◆ Task directions
An exact copy of the lines from the top of the data through the line with "Meissen, Vine Leaves, coffee" is what you should give, with no pictures in it.

◆ Data shown
==*==

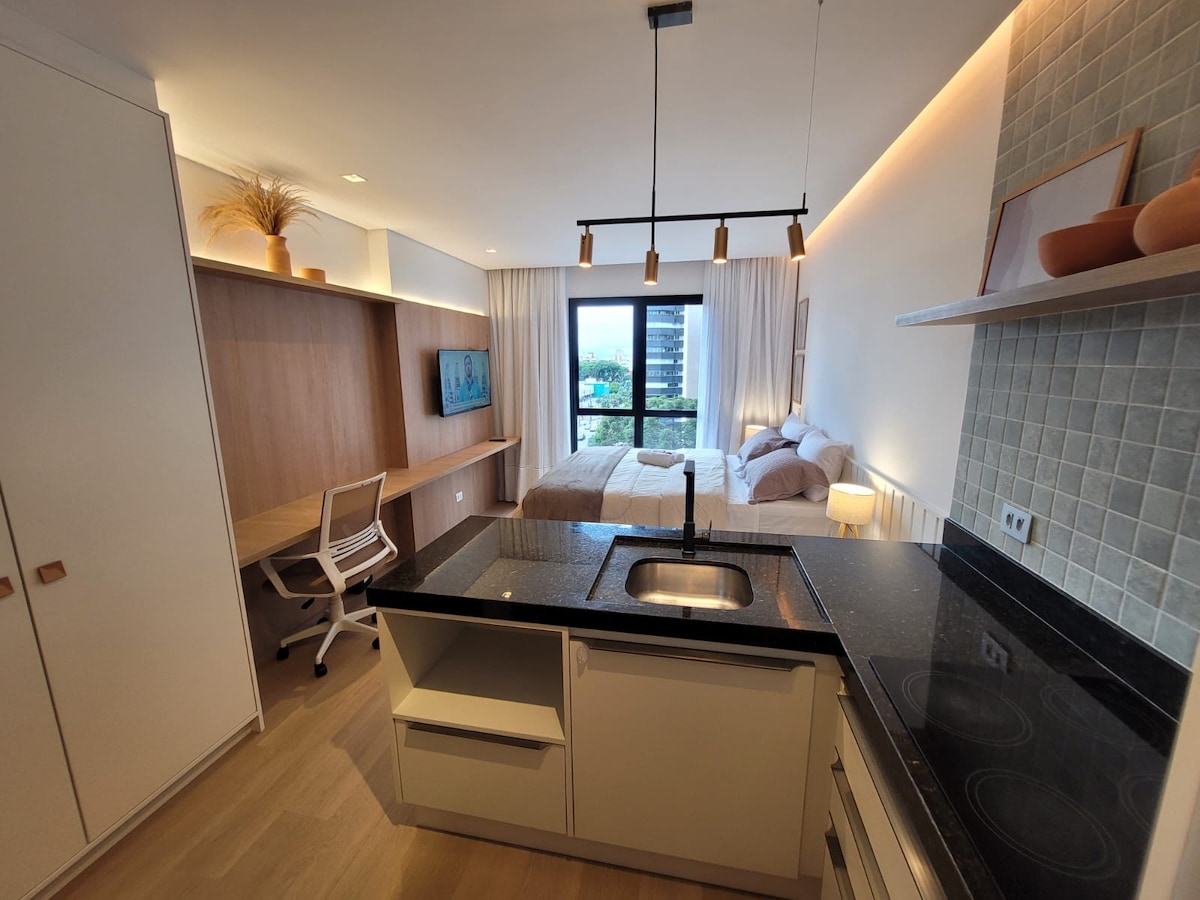 現代化的單間公寓,全新、舒適、地理位置完美,陽臺景觀美麗,尤其是在夜間。快速Wi-Fi、辦公桌、55英寸智慧電視、標準雙人床。空調(冷/暖)。 洗衣機和烘乾機,以及一個漂亮的廚房島。 50 平方公尺,非常時尚 - 27 樓,安靜。 位於市中心/Batel,靠近商店、銀行、購物中心、美食中心和醫院。 大樓內:游泳池、健身房、遊戲室、桑拿、按摩浴缸、24小時門衛。
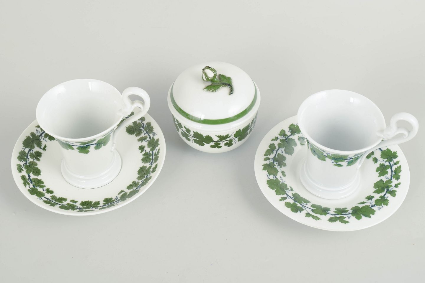 Meissen, Vine Leaves, coffee cups with saucers and sugar bowl.
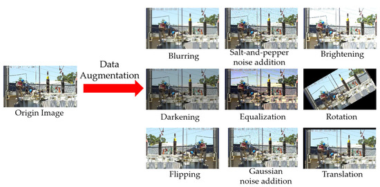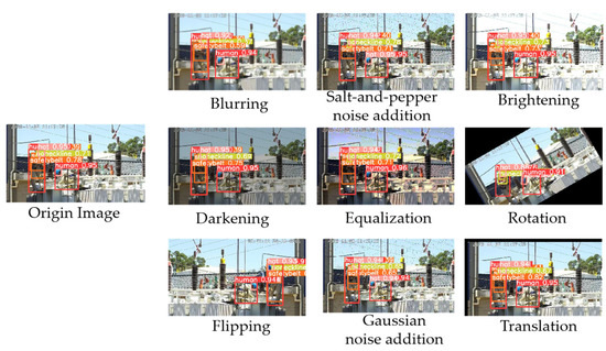 In order to enhance the robustness and generalization of the trained algorithm and improve its performance in the presence of noise, environmental changes, and other abnormal circumstances, while avoiding overfitting during training, we employed data augmentation methods on the SMPC dataset. We applied various data augmentation operations such as Blurring, Salt-and-pepper noise addition, Brightening, Darkening, Equalization, Rotation, Flipping, Gaussian noise addition, and Translation, as illustrated in Figure 9. Through these data augmentation operations, we can simulate various abnormal conditions that may occur in real-world scenarios, including changes in brightness, viewpoint, and noise interference. Additionally, these approaches greatly increase the number of samples in the SMPC dataset, allowing the model to learn a more diverse range of real-world scenario information during training, and making the detection system deployed with this algorithm can operate continuously and efficiently. After data augmentation, the final dataset contained 10,693 images, including 7802 training images, 873 validation images, and 2018 testing images.

==*==

◆ Completed exercise
 現代化的單間公寓,全新、舒適、地理位置完美,陽臺景觀美麗,尤其是在夜間。快速Wi-Fi、辦公桌、55英寸智慧電視、標準雙人床。空調(冷/暖)。 洗衣機和烘乾機,以及一個漂亮的廚房島。 50 平方公尺,非常時尚 - 27 樓,安靜。 位於市中心/Batel,靠近商店、銀行、購物中心、美食中心和醫院。 大樓內:游泳池、健身房、遊戲室、桑拿、按摩浴缸、24小時門衛。
 Meissen, Vine Leaves, coffee cups with saucers and sugar bowl.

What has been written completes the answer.